In this example, we first call mlir_aie_mem_alloc to allocate a region of DDR memory with a given offset and size and return a virtual address pointer. Then, in the mlir_aie_external_set_addr_<bufname>(virtual_addr), we pass in the virtual address to MLIR defined external buffer.

Note that the <bufname> used here is the sym_name defined in the MLIR code.

Finally, the mlir_aie_configure_shimdma_<location>() is called to configure the shim_dma given the shim DMA operators in MLIR and the virtual address defined at runtime in the host code. The <location> refers to the shim DMA defined in MLIR and is the concatenation of the column-row number, in this case column 7, row 0 or 70.

Once these three functions are called, the shim DMA is configured properly with the runtime allocated memory region in DDR. Since the common use of shim_dma requires timing synchronization to start a transaction, we often use locks to do this just as we did in the tile DMA example. Here, we can acquire and release locks in the shim_dma using the following access functions:

mlir_aie_acquire_<sym_name>_lock(_xaie, 1, 100);
mlir_aie_release_<sym_name_lock(_xaie, 0, 100);

The <sym_name> used here is the same sym_name of the external buffer. The first argument is the lock value (0,1) and the second argument is the timeout duration in microseconds.

Tutorial 5 Lab

  1. Read through the aie.mlir design. How many external buffers are defined and which direction are they?

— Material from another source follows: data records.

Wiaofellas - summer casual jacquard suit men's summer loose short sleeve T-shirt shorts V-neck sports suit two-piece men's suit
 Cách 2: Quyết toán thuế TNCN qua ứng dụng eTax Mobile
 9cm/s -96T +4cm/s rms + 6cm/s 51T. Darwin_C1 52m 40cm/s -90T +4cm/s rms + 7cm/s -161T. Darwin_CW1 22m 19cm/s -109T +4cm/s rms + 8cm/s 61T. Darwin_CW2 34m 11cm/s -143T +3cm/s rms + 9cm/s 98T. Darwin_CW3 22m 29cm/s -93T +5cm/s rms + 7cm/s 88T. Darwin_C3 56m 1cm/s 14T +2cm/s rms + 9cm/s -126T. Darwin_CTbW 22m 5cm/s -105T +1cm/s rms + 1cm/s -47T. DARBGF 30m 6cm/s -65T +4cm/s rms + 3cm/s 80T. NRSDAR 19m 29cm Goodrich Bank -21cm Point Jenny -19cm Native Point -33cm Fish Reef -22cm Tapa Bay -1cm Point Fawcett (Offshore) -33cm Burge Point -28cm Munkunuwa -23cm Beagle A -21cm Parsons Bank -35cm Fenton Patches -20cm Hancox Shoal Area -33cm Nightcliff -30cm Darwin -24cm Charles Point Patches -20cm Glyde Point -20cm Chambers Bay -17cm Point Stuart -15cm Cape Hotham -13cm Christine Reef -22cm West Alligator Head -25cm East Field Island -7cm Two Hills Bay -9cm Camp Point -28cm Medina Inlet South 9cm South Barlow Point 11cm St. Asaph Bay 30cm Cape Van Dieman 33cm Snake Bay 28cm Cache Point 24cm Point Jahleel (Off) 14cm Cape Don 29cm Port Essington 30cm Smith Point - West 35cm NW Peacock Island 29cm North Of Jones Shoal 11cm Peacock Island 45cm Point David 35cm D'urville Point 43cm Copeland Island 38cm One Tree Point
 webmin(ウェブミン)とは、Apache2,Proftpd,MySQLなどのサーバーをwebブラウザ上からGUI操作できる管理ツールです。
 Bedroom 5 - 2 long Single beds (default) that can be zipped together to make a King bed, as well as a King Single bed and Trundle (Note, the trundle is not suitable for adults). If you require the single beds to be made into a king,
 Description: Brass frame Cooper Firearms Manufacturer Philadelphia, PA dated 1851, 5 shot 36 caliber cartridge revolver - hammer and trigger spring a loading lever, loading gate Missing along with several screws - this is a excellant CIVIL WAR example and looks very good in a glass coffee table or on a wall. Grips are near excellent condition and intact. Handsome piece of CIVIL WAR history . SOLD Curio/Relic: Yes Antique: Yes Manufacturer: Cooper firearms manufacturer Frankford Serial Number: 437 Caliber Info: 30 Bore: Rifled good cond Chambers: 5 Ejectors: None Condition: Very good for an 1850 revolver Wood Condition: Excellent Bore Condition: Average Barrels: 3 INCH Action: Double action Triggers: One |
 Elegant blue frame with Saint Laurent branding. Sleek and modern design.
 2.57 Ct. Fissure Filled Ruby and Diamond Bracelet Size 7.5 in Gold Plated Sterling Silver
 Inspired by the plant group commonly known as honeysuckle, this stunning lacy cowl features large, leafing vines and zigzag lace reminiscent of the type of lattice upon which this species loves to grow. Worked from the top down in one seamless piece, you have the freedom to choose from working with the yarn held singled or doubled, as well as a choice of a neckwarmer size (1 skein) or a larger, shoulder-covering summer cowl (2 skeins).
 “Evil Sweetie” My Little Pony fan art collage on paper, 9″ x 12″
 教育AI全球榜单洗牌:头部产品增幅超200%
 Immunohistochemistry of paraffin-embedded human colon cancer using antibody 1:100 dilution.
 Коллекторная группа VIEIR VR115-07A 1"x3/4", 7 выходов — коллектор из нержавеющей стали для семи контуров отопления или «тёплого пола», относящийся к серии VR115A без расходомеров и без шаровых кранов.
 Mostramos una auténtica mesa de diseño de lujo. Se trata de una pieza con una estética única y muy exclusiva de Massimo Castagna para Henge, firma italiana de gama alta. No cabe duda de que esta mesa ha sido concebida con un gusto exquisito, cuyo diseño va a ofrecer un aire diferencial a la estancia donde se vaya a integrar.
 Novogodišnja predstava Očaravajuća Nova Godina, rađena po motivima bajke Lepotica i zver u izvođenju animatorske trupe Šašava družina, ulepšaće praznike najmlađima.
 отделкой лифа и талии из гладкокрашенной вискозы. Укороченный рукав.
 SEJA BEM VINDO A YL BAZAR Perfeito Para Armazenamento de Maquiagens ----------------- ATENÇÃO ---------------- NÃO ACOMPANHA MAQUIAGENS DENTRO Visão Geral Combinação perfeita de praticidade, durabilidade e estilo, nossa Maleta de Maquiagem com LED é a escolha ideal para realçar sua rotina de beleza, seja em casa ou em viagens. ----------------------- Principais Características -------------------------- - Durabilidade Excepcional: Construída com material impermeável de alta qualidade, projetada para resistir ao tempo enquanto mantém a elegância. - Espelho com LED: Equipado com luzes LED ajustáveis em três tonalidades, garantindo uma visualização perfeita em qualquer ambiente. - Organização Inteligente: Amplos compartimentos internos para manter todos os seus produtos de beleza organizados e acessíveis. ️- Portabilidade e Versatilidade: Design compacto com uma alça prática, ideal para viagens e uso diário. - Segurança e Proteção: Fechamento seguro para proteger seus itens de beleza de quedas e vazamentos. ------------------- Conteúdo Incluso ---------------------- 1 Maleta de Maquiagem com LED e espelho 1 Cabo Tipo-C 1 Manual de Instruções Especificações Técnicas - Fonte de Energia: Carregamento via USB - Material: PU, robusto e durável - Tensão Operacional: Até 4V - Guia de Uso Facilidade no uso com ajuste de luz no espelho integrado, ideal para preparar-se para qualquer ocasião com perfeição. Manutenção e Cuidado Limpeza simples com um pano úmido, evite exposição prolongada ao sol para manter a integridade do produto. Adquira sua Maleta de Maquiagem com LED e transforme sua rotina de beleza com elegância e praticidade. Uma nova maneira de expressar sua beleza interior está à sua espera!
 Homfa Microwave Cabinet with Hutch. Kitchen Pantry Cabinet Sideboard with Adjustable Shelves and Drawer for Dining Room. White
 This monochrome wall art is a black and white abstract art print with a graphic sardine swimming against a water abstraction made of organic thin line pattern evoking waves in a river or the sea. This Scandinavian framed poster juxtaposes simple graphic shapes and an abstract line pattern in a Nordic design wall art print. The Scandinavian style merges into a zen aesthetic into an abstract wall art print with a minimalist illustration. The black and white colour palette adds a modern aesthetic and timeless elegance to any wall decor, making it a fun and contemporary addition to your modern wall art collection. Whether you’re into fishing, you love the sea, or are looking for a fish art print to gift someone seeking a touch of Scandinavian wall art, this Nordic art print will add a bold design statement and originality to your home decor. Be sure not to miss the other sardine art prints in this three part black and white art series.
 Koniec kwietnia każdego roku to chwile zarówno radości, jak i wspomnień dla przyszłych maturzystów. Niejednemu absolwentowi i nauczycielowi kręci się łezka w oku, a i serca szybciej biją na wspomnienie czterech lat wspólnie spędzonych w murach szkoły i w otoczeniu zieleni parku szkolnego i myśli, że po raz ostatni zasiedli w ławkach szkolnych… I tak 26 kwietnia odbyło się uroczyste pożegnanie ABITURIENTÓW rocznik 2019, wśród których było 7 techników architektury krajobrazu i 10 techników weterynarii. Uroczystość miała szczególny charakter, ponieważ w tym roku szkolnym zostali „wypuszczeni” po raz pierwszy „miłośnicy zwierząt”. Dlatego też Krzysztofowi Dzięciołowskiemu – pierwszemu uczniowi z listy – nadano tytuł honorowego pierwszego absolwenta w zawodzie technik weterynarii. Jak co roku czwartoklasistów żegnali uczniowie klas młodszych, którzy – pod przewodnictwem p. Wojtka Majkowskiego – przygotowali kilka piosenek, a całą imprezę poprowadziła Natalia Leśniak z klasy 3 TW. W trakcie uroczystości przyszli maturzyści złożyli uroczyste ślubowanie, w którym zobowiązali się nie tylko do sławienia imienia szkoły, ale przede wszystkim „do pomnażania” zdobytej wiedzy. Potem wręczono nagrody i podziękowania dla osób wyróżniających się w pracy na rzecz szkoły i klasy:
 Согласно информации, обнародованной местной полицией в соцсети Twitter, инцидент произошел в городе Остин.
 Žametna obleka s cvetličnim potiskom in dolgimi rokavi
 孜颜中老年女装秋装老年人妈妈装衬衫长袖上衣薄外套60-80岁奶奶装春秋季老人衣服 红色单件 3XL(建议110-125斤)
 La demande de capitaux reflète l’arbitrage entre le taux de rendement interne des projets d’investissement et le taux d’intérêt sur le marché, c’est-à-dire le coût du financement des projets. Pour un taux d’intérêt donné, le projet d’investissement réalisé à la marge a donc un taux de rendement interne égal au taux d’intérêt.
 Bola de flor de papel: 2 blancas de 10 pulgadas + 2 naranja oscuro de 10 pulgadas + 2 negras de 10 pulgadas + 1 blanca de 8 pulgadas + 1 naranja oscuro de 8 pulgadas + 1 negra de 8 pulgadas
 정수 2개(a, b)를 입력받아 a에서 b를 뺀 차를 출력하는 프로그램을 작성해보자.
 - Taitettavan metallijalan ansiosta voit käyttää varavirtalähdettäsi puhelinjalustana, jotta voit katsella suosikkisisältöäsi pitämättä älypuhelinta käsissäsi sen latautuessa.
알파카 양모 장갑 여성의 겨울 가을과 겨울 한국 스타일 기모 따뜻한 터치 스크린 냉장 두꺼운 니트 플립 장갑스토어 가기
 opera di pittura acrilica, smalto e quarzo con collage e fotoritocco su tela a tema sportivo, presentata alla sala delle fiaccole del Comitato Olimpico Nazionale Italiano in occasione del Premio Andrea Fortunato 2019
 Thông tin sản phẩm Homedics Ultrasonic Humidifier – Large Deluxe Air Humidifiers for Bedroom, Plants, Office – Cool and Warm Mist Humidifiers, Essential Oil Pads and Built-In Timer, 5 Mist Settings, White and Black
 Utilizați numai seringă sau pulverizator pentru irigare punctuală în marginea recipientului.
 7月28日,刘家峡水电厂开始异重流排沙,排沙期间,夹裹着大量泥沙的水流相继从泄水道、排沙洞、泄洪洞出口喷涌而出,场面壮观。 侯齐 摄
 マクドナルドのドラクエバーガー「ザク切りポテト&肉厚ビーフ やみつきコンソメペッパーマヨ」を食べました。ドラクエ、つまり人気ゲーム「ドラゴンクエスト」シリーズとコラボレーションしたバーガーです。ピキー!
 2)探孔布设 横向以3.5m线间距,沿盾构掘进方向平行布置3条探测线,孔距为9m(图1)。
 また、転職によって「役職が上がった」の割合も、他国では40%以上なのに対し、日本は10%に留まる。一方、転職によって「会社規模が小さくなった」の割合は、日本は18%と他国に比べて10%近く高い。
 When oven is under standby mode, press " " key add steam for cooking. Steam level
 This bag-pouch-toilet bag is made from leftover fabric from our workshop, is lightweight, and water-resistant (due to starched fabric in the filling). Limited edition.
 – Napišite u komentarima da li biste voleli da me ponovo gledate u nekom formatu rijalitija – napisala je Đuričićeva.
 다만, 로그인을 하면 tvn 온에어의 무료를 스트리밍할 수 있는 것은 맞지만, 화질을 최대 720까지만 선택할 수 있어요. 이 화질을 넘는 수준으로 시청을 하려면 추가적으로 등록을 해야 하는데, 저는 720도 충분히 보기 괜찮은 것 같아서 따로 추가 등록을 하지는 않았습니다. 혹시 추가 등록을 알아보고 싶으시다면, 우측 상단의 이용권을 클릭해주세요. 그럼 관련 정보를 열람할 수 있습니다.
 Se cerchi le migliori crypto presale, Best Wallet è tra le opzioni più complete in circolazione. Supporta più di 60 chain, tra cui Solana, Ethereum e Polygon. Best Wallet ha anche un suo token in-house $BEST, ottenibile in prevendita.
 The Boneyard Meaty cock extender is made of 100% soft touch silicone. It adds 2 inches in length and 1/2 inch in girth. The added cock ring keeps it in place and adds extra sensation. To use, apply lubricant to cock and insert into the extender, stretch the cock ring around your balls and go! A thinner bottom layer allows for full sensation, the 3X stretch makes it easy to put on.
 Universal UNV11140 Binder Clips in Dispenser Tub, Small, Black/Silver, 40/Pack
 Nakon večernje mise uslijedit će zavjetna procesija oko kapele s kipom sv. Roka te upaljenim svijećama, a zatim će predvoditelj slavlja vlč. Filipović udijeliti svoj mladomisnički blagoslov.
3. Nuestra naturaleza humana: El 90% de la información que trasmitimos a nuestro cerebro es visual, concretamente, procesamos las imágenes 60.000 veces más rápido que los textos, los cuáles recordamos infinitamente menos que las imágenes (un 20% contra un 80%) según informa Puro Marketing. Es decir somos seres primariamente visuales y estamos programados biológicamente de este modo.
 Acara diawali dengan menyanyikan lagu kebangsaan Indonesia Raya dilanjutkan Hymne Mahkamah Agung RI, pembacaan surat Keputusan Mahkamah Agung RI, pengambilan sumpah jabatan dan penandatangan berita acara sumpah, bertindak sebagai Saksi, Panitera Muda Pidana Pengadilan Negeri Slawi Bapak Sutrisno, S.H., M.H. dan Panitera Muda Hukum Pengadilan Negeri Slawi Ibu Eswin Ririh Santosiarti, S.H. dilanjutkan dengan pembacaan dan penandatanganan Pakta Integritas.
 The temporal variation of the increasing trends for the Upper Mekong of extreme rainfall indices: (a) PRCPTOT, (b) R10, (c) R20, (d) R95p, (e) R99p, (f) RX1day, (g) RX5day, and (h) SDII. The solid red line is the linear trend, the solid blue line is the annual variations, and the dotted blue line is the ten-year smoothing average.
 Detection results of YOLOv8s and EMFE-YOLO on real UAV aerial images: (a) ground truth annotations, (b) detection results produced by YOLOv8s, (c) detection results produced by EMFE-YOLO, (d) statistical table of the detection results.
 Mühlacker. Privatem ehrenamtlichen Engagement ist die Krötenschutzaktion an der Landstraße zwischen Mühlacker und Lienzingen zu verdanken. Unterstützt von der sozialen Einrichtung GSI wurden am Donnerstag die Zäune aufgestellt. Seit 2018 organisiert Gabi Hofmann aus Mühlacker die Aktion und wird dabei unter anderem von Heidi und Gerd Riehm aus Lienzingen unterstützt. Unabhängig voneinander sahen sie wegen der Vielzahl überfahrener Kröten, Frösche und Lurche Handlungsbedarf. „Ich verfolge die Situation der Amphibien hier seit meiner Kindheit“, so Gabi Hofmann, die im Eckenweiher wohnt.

External buffers on their own cannot give any indication as to what they are used for but we can figure this out based on the bd description that the buffer is used in. For example, ext_buf70_in is defined in bd1 which is itself defined for dma_start("MM2S") which tells us this is a MM2S connection.

Note that MM2S means memory map to stream. In this case, the MM is the external buffer side (e.g. DDR) and the stream is the AIE array side. So we are moving data from the external buffer to the AIE array. This is kind of the opposite to the tile DMA case where MM2S would be moving data from local memory to the stream which would be writing data out from the perspective of the AIE core.

  1. Add a second read and write channel to the single shim_dma (tile(7,0)) that moves data to and from another tile. That tile can have the same function as the existing tile.

  2. Can we add a third read or write channel to our shim_dma?

  3. Change the design so that the external buffer acts like a ping-pong buffer.